I hope the previous chapter gave you a basic understanding of linear regression and how one can conduct the linear regression operation on two sets of data, on MS Excel. Remember, we are talking about two variables here – X and Y.
X is defined as the independent variable and Y is the dependent variable. If you’ve spent time thinking about this, then I’m certain you’d have guessed X and Y will eventually be two different stocks.
In fact, let us just go ahead and run a linear regression on two stocks – maybe HDFC Bank and ICICI Bank and see what results we get.
I’m setting ICICI Bank as X and HDFC Bank as Y. A quick note on data before we proceed –
- Make sure your data is clean – adjusted for splits, bonuses, and any other corporate actions
- Make sure the data matches the exact dates – for instance, the data I have for both the stocks here runs from 4th of Dec 2015 to 4th Dec 2017.
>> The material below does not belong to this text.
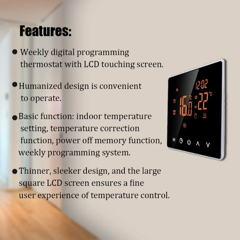 Electric Floor Heating Room Press Screen Thermostat Warm Floor Heating System Thermoregulator 220V
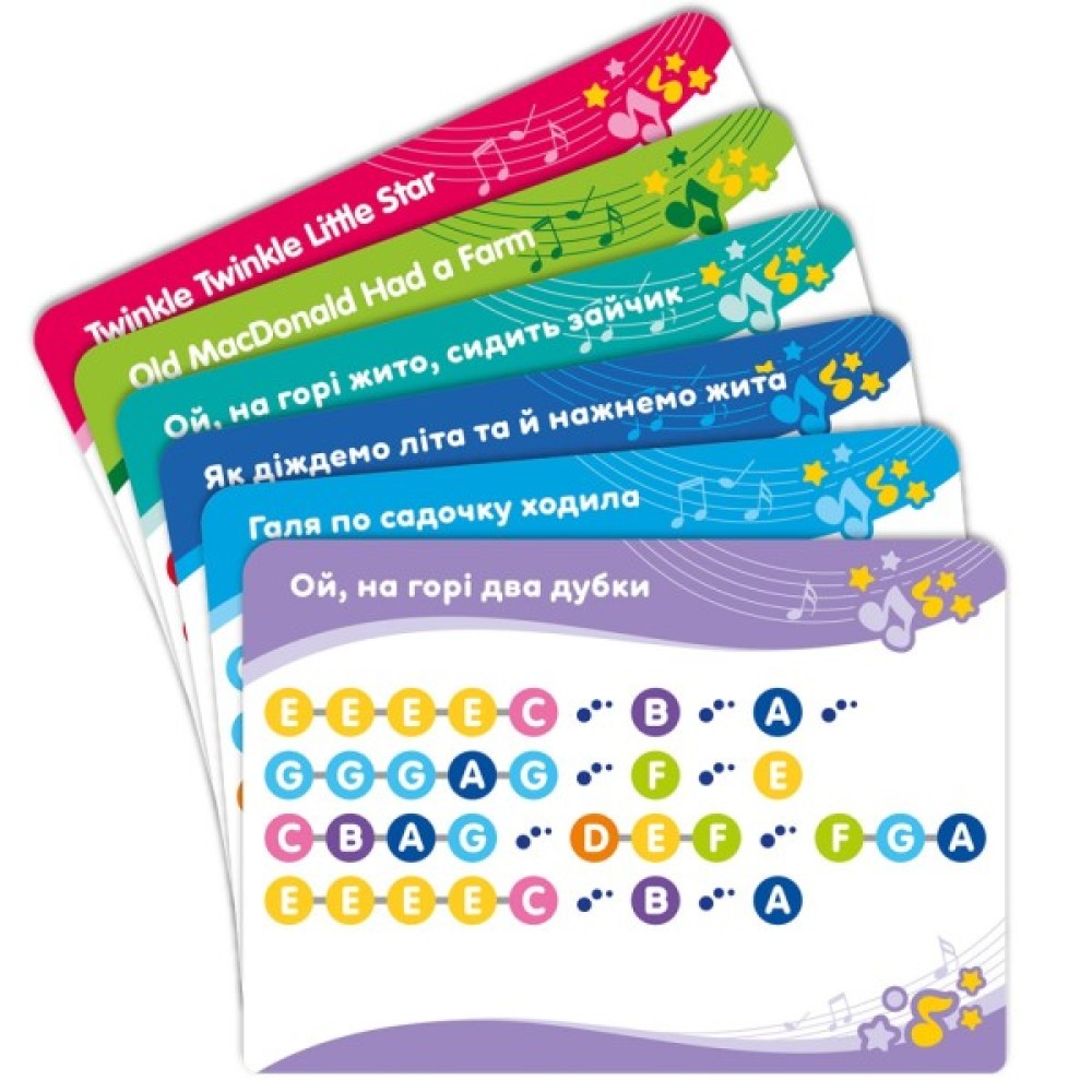• 12 нотних карток — з нотами українських та англійських пісеньок, які можна вставити у спеціальне заглиблення.

Here is how the data looks –
I’ll run the linear regression on these two stocks (I’ve explained how to do this in the previous chapter), also do note, I’m running this on the stock prices and not really on stock returns –
The result of the linear regression is as follows –
Since ICICI is independent and HDFC is dependent, the equation is –
HDFC = Price of ICICI * 7.613 – 663.677
I’m assuming, you are familiar with the above equation. For those who are not familiar, I’d suggest you to read the previous two chapters. However here is the quick summary – the equation is trying to predict the price of HDFC using the price of ICICI.
Or in other words, we are trying to ‘express’ the price of HDFC in terms of ICICI.
Now, let us reverse this – I will set ICICI as dependent and HDFC as the independent.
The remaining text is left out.